Edgard Rodríguez
Los Diamondbacks de Arizona podrían necesitar mucho más que el carácter fuerte y el estilo agresivo de Wally Backman para escapar de la mediocridad que los persiguió a través de todo la campaña pasada.
Después de bajarle el copete a los Yanquis en el 2001, para convertirse en la franquicia que más rápidamente alcanzaba un título, Arizona se vino de bruces contra el piso este año y perdió 111 juegos.
Ahora han dado las riendas del club a Backman, un ex camarero de fiera personalidad, que ayudó a los Mets a coronarse en 1986 contra Boston. Será el cuarto mentor de un equipo que apenas irá a su octava temporada.
Tras iniciar con Buck Showalter, Arizona contrató más adelante a Bob Brenly, quien los guió al título ante los Yanquis, pero fue despedido este año y reemplazo por Alfredo Pedrique. Ahora es el turno para Backman.

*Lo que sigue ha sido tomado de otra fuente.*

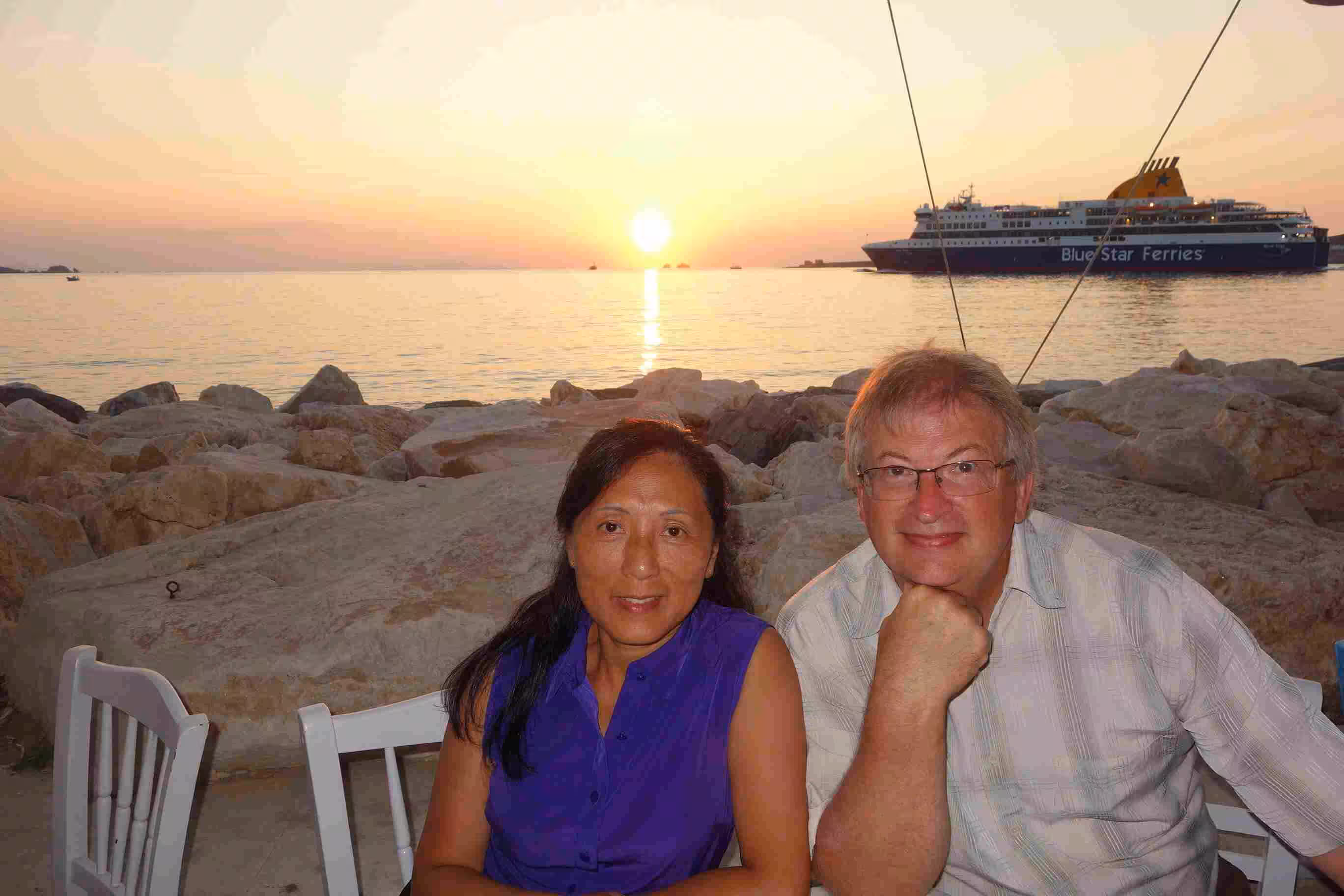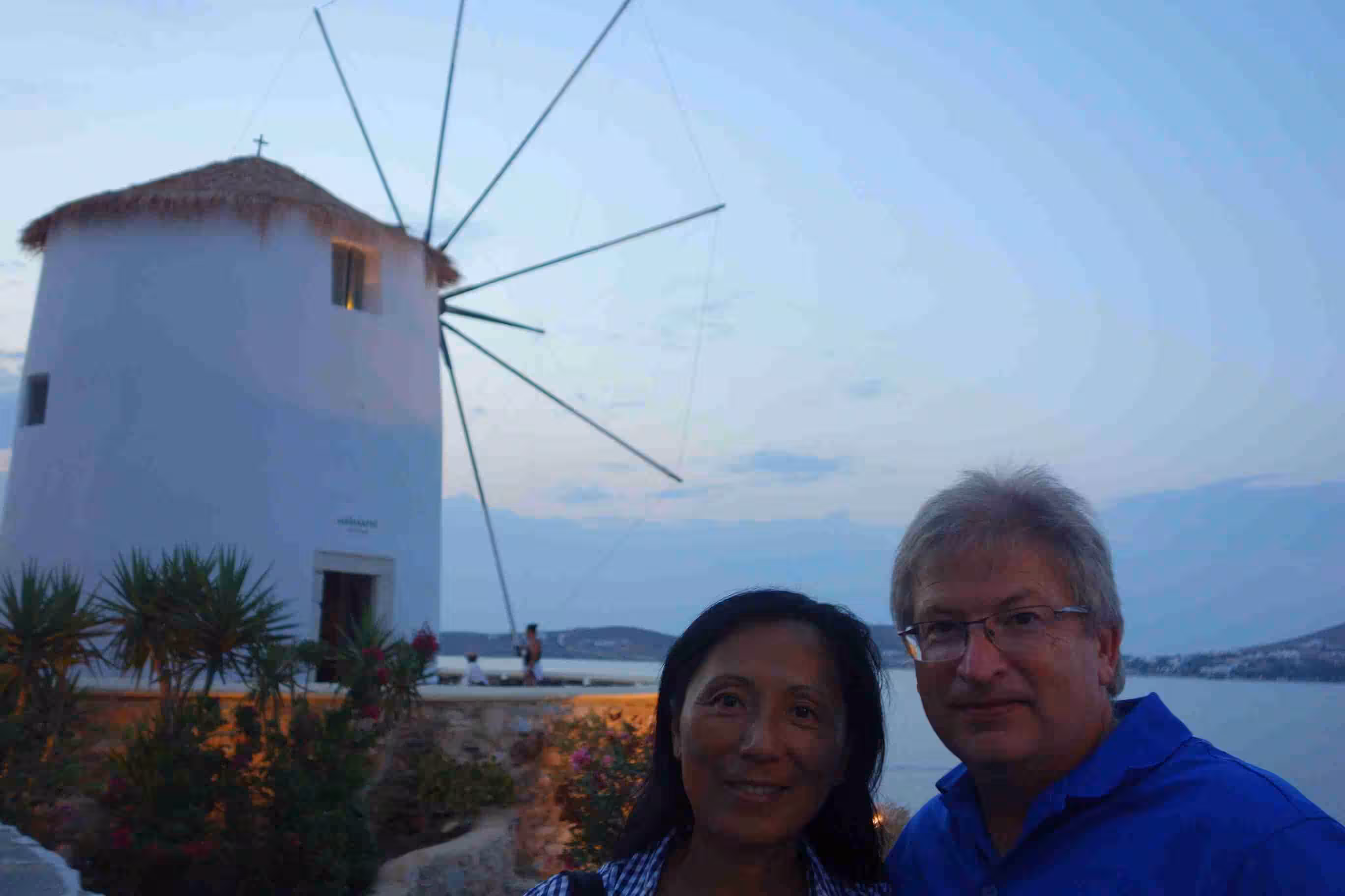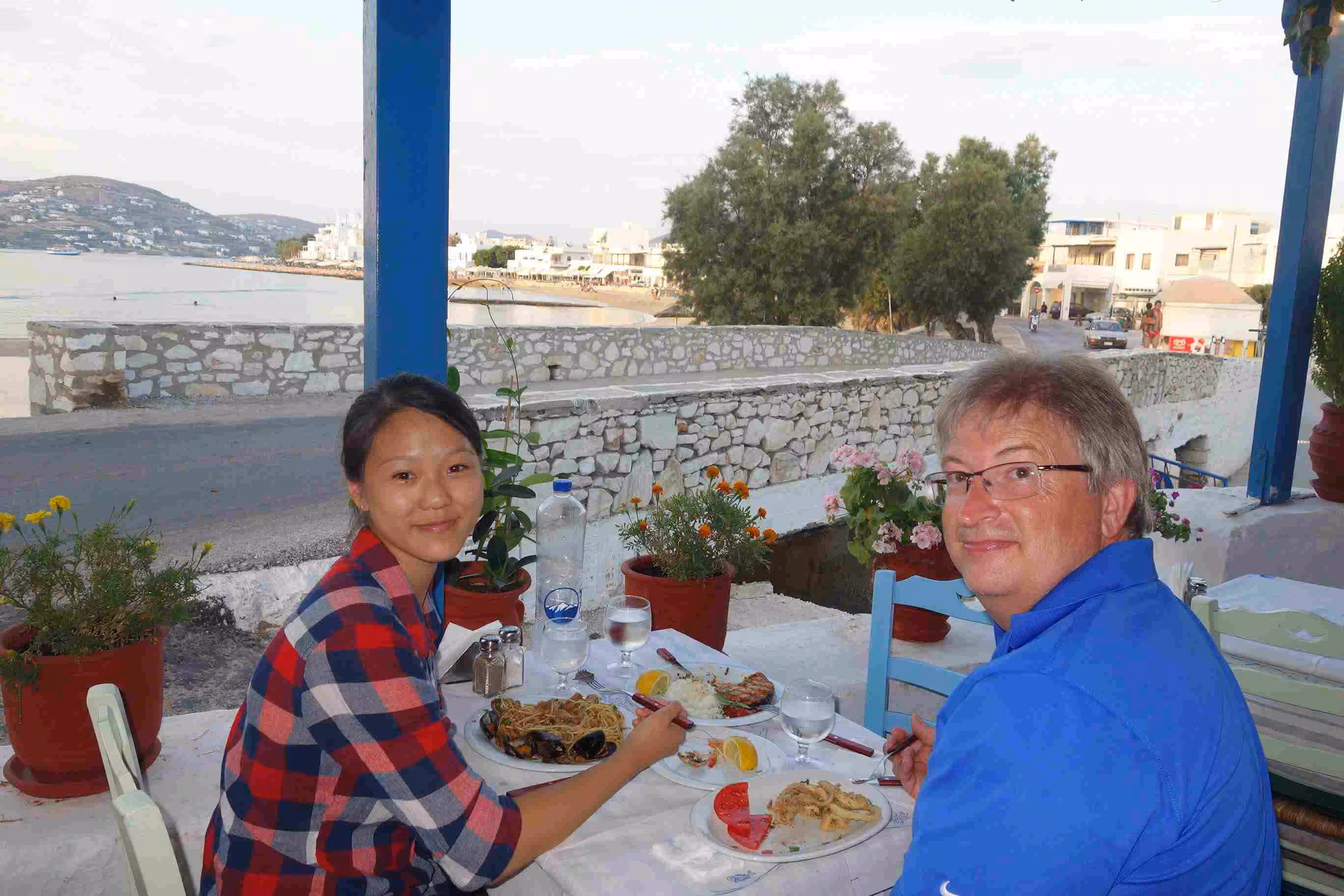 We woke up in plenty of time to pack our luggage and step outside for our 7am taxi. A quick ride into town, we were dropped off at the dock in front of our ferry to Paros. This smaller ferry boat offered more comfortable seating than our first ferry boat. The crossing took less than 2 hours. As we arrived in Paros, we headed to our short one night stay at Hotel Dina, in the heart of town. The narrow maze of alleyways reminded us of Venice. Our host Dina allowed us to drop off our luggage until we could check-in later in the afternoon – as it was not even 10am yet. We enjoyed walking the alleyways filled with boutiques along Market St – our hotel’s pedestrian street. Jenny allowed herself to be tempted by a silver necklace. We had coffee at the dock while we observed the various ferry boats getting unloaded and loaded. At 1pm, we returned to our hotel to check-in to our room. The hotel and room were immaculately clean. After resting until 4:00pm, we headed to the beach for a swim. The water was a bit colder than in Galissa, but still warmer than in Corfu. Back at the room, we showered and set out for supper a Taverna Mira located right beside the sea. We marvelled at the sunset. Although we had expected to catch an outdoor cinema this evening, we discovered that cine Rex was some distance from our current location. Hence, we opted to wait until tomorrow. A very nice first day in Paros.

Backman nunca ha dirigido en las Grandes Ligas pero tiene sólidos antecedentes como timonel en las Menores. De modo que su éxito dirigiendo jóvenes, lleva a la lectura que Arizona podría entrar a una fase de reconstrucción, basada en sus nuevos valores.
“No hay reconstrucción. Vengo a ganar”, dijo Backman en conferencia de prensa, sin embargo las deudas de los Diamondbacks y lo despoblado que luce su plantel, supone que no hay otra opción que sacrificar el presente pensando en el futuro.
Y parte de ese sacrificio podría ser deshacerse de Randy Johnson, cuyos 17 millones de dólares de salario, son una gran carga que el equipo no está en capacidad de soportar. Y no hay que olvidar que Johnson ya tiene 41 años y es mejor prevenir.
A la vez, un canje por Johnson, que sigue siendo atractivo para varios de los principales equipos de las Mayores, podría permitirles obtener algunos prospectos que contribuirían a la conformación del equipo del futuro.
La experiencia más reciente en cambios para Arizona no fue muy halagüeña. Soltaron a Curt Schilling y Boston les entregó a Casey Fossum, Brandon Lyon, Jorge de la Rosa y Michael Goss, ninguno de los cuales hizo algo significativo.
Sin embargo, tendrán que intentarlo con Johnson, quien va al último año de su contrato. Pero más allá de lo que decidan con Randy, una cosa es clara: ese equipo necesita una severa transformación, considerando además que Backman no es propiamente Batman.